Mr Hardy told MPs: “There needs to be, in our view, conditionality around the provision of public funds to people, particularly very rich people living in tax havens who own football teams, who take public money and spend it on divesting jobs in communities that are very precarious.”
He told MPs that the handling of the situation at Grangemouth would now stand as a “a shining example of how not to do anything,” adding: “The key lesson from how we do change in the future is not to do it like it has been done at Grangemouth.
“I think it is fair to reflect that lots of promises have been made by various people in various different roles, none of which seem to have come about.”
He argued that a better job had been done with the closure of Scotland’s last coal-fired power station at Longannet, Fife, in 2016, where Scottish Power had put a “five to eight-year closure programme” in place.

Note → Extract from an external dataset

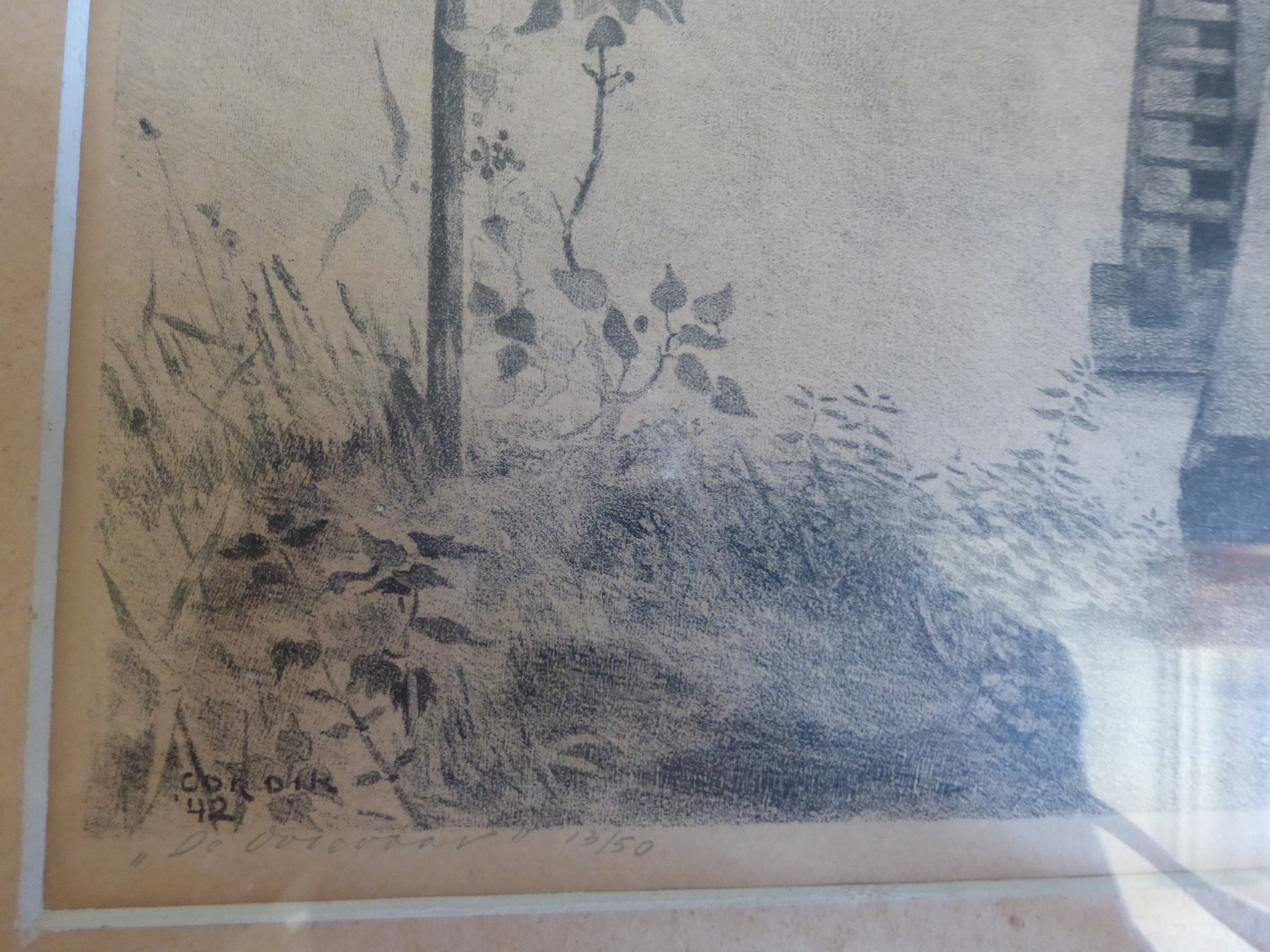 De Ooievaar is een molen, met potlood staat linksonder 13/50 en daarboven in zwarte inkt(?) Cor Dikm, en daaronder '42

This meant “of the 350 people who worked at Longannet, everybody that wanted to remain economically active remained economically active,” he said.
Returning to Grangemouth, he said it had been “a litmus test for just transition — it didn’t do particularly well, I’m afraid.”
He warned: “I lived through the coal mining closures of the 1980s and ’90s in Yorkshire.
“That felt very much like it was done to us and leaves a legacy of hurt.”
A spokesperson for Petroineos said: “The impact of the transition to an import terminal on refinery staff is a key consideration for Petroineos and, following a full consultation, we have outlined a significant redundancy package worth over £30 million.”